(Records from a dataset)
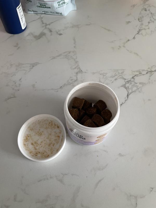 This is really great for a natural calming aide. The ingredients are minimal which I like. For my dogs size they do need 3 chews so one container won’t last three
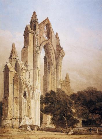 Thomas Girton, an exact contemporary of Turner, made sketches of the ruins of Guisborough Priory in 1801/02. The dramatic skelton, an outstanding example of 14th century Gothic architecture, is the east end of one of the earliest Augustinian priories in England.  Girton's paintings add drama by emphasising the verticality of the architecture silhouetted against the sky.   The Priory is in the care of English Heritage and is managed by Gisborough Priory Project.  The images are of a watercolour held by Tate Britain and an oil painting held at Yale University, neither on display.
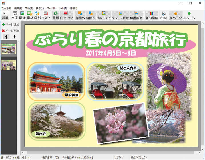 ●配置して写真に文字を書いたり、素材、図形で装飾して印刷します。
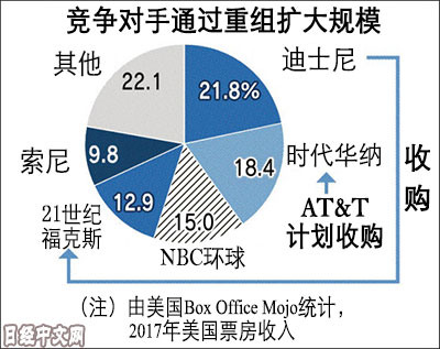 一方面,2017年握有约22%票房份额的华特迪士尼收购握有13%票房份额的21世纪福克斯,双方的合计份额超过30%。美国通信巨头AT&T也着手收购占据近20%票房份额的时代华纳。竞争对手不断扩张,投入雄厚的资金制作电影。
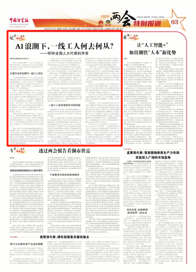 AI(人工智能)浪潮下,一線工人崗位是否有被取代的風(fēng)險?應(yīng)當(dāng)如何應(yīng)對?針對這些問題,兩會期間,中國冶金報社兩會報道組記者采訪了多位全國人大代表。
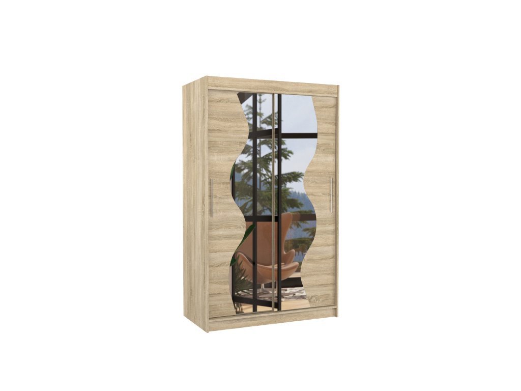 Posuvná skříň se zrcadlem OSWALD je ideálním způsobem, jak uspořádat prostor. Nábytek je vybaven prostornými policemi a tyčí, na kterou můžete pověsit šaty, obleky, svrchní oděvy nebo košile. Na přední straně jsou připevněna zrcadla ve tvaru vlny, která opticky zvětšují prostor a zároveň dodávají jedinečný styl. Díky tomu, že je skříň posuvná, nemusíte vyhrazovat další místo na otevírání dveří, což z ní činí skvělé řešení pro malý pokoj nebo úzkou předsíň. Zajímavým prvkem je efektní LED osvětlení, které dodává skříni i místnosti nádherný půvab.Doplňkové parametry

Task to complete -
Begin at the first line of the entries above and return each line exactly, stopping after the line that contains "AI(人工智能)浪潮下,一線". Pictures do not belong in the copy.

Solution below -
 This is really great for a natural calming aide. The ingredients are minimal which I like. For my dogs size they do need 3 chews so one container won’t last three
 Thomas Girton, an exact contemporary of Turner, made sketches of the ruins of Guisborough Priory in 1801/02. The dramatic skelton, an outstanding example of 14th century Gothic architecture, is the east end of one of the earliest Augustinian priories in England.  Girton's paintings add drama by emphasising the verticality of the architecture silhouetted against the sky.   The Priory is in the care of English Heritage and is managed by Gisborough Priory Project.  The images are of a watercolour held by Tate Britain and an oil painting held at Yale University, neither on display.
 ●配置して写真に文字を書いたり、素材、図形で装飾して印刷します。
 一方面,2017年握有约22%票房份额的华特迪士尼收购握有13%票房份额的21世纪福克斯,双方的合计份额超过30%。美国通信巨头AT&T也着手收购占据近20%票房份额的时代华纳。竞争对手不断扩张,投入雄厚的资金制作电影。
 AI(人工智能)浪潮下,一線工人崗位是否有被取代的風(fēng)險?應(yīng)當(dāng)如何應(yīng)對?針對這些問題,兩會期間,中國冶金報社兩會報道組記者采訪了多位全國人大代表。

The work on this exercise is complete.